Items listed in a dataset

^^^^^^^^^^^^^^^^

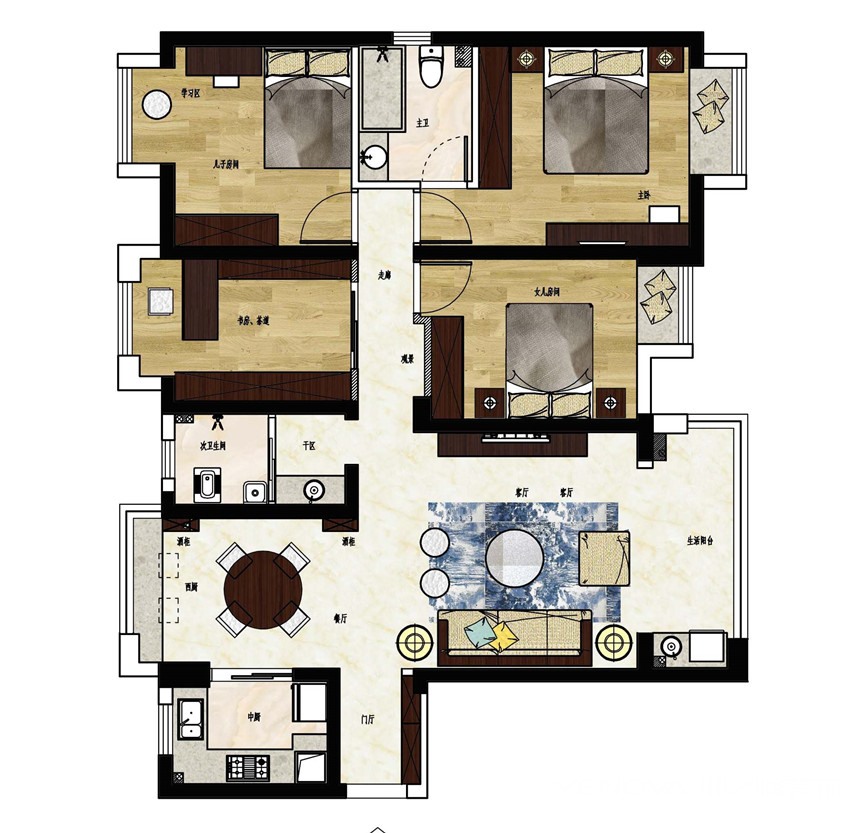 本案客户一家四口居家使用,要求保留三间卧室。利用进门的空间,放置鞋柜与老人房的衣柜,满足基本的生活需求。将厨房、餐厅和小的生活阳台做了拆改整合,扩大了餐厅的使用面积。将四室中的一间改为书房,打开了过道空间,增加了采光。整体格局,满足了客户的基本需求。
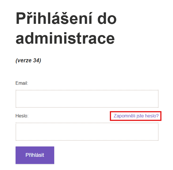 - Na přihlašovací stránce do administrace klikněte na Zapomněli jste heslo?
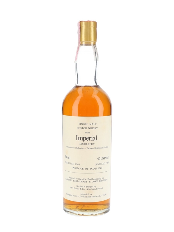 A bottle of Imperial Single Malt Scotch Whisky, distilled in 1963 and bottled in 1983 by RW Duthie & Co.
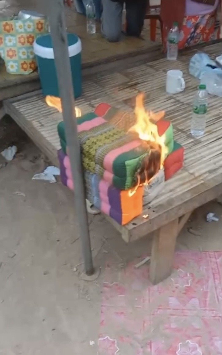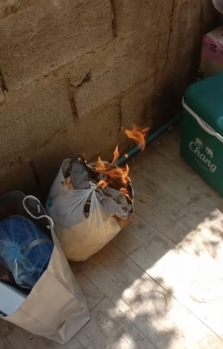 ก่อนเริ่มพิธี ได้เกิดไฟไหม้กองเสื้อผ้าเด็กที่อยู่ข้างบ้าน และหลังจากพระทำพิธีเสร็จไม่ถึง 15 นาที ก็เกิดเหตุไฟลุกไหม้ขึ้นอีก 2 ครั้ง โดยครั้งแรกไฟลุกไหม้หมอนขิดที่วางเรียงกันจำนวน 4 ใบ ต่อหน้าชาวบ้านที่อยู่กันนับสิบคน จากนั้นประมาณ 5 นาที ก็เกิดไฟลุกไหม้ที่ขากางเกงของลูกสาวคนกลาง อายุ 24 ปี จนชาวบ้านต้องช่วยกันดับไฟ สร้างความตกใจและงุนงงกับเหตุการณ์ที่เกิดขึ้น
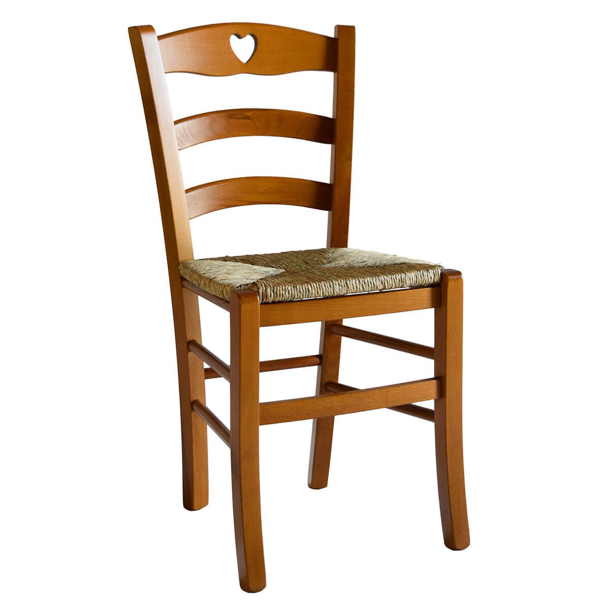 Structure en hêtre massif teinté coloris chêne. Assise en paille. Chaise livrée montée pour une utilisation immédiate.
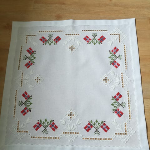 Selger en flott ny håndbrodert duk med fugler og nyper. Masse times brodering
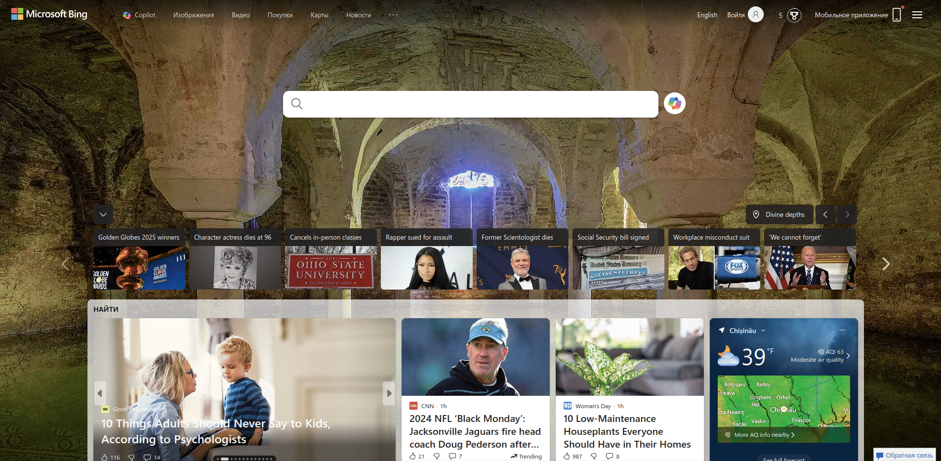 - Автоматическая прокрутка для сокрытия элементов интерфейса Bing
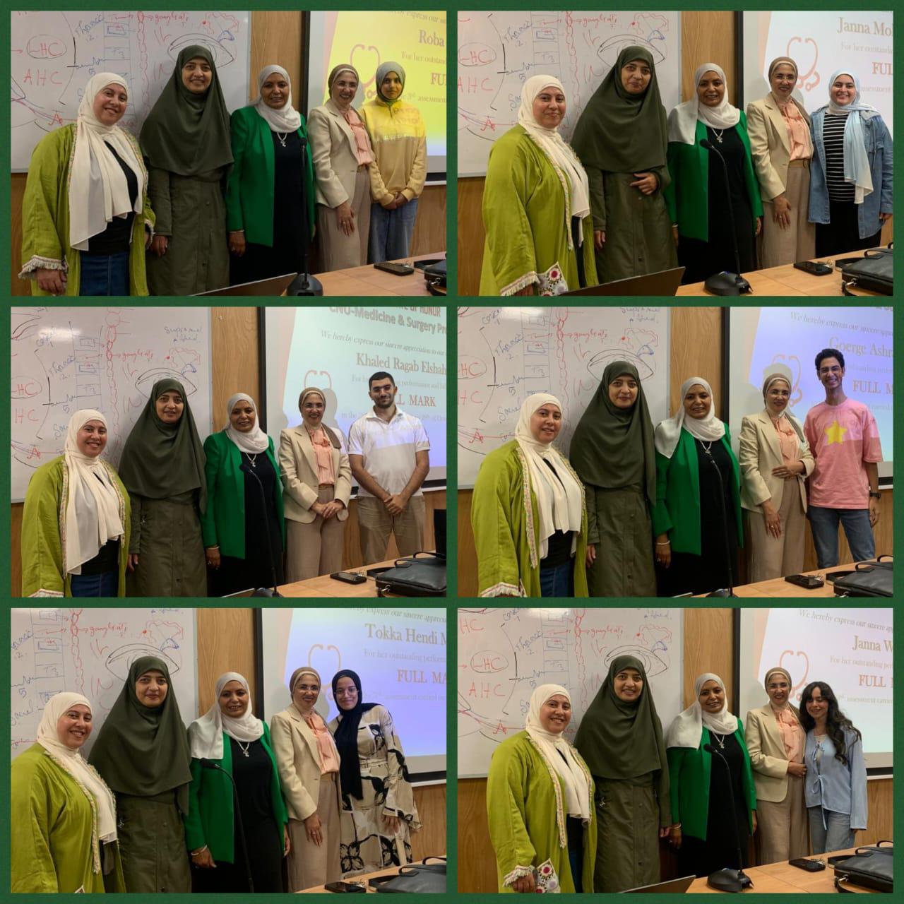 شهد فعاليات التكريم، د.محمد محسن العطار نائب رئيس جامعة القاهرة الأهلية للشؤون الأكاديمية، ود.جيهان المنياوي عميد كليات قطاع العلوم الصحية، ود.عبير زايد مدير برنامج الطب والجراحة، إلى جانب نخبة من أعضاء هيئة التدريس بكلية طب قصر العيني، والطلاب.
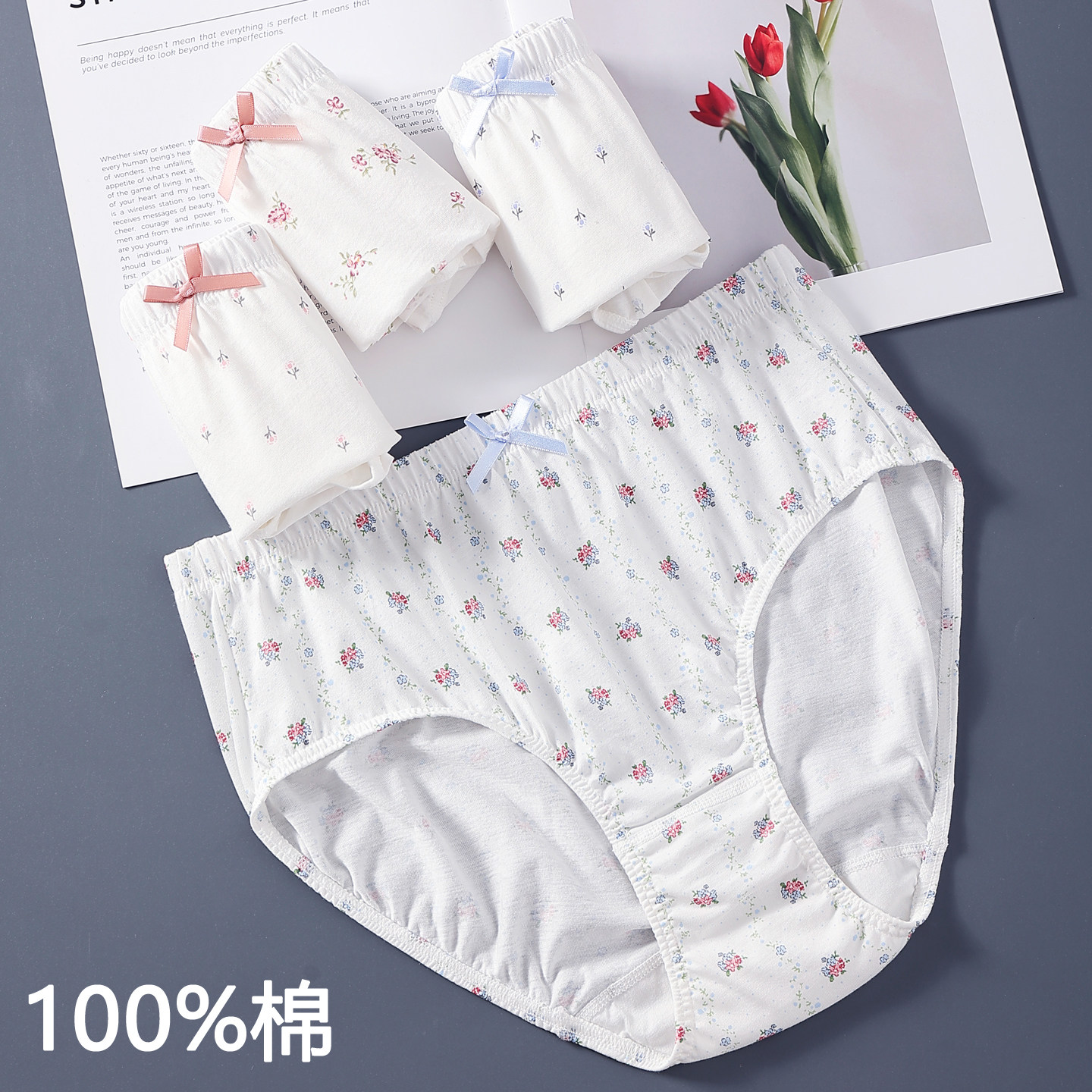 4条装 中腰内裤女土纯棉透气大码收腹女式mm纯色四季三角棉质裤头
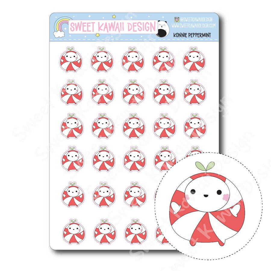 Konnie is all dressed up like the sweetest peppermint around! Wrapped in festive red and white stripes with plenty of kawaii charm, this sheet is perfect for adding a pop of holiday cheer to your planner or journaling pages. A must-have for fans of the Peppermint Dreams collection!
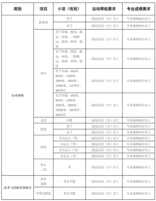 1.招收二級運動員(含)以上:跆拳道、田徑、籃球、排球。

^^^^^^^^^^^^^^^^

**EXERCISE INSTRUCTIONS**
Exclude the pictures, and output exactly the lines from the one with "Structure en hêtre" through the last line of the records, both included.

**TASK ANSWER**
 Structure en hêtre massif teinté coloris chêne. Assise en paille. Chaise livrée montée pour une utilisation immédiate.
 Selger en flott ny håndbrodert duk med fugler og nyper. Masse times brodering
 - Автоматическая прокрутка для сокрытия элементов интерфейса Bing
 شهد فعاليات التكريم، د.محمد محسن العطار نائب رئيس جامعة القاهرة الأهلية للشؤون الأكاديمية، ود.جيهان المنياوي عميد كليات قطاع العلوم الصحية، ود.عبير زايد مدير برنامج الطب والجراحة، إلى جانب نخبة من أعضاء هيئة التدريس بكلية طب قصر العيني، والطلاب.
 4条装 中腰内裤女土纯棉透气大码收腹女式mm纯色四季三角棉质裤头
 Konnie is all dressed up like the sweetest peppermint around! Wrapped in festive red and white stripes with plenty of kawaii charm, this sheet is perfect for adding a pop of holiday cheer to your planner or journaling pages. A must-have for fans of the Peppermint Dreams collection!
 1.招收二級運動員(含)以上:跆拳道、田徑、籃球、排球。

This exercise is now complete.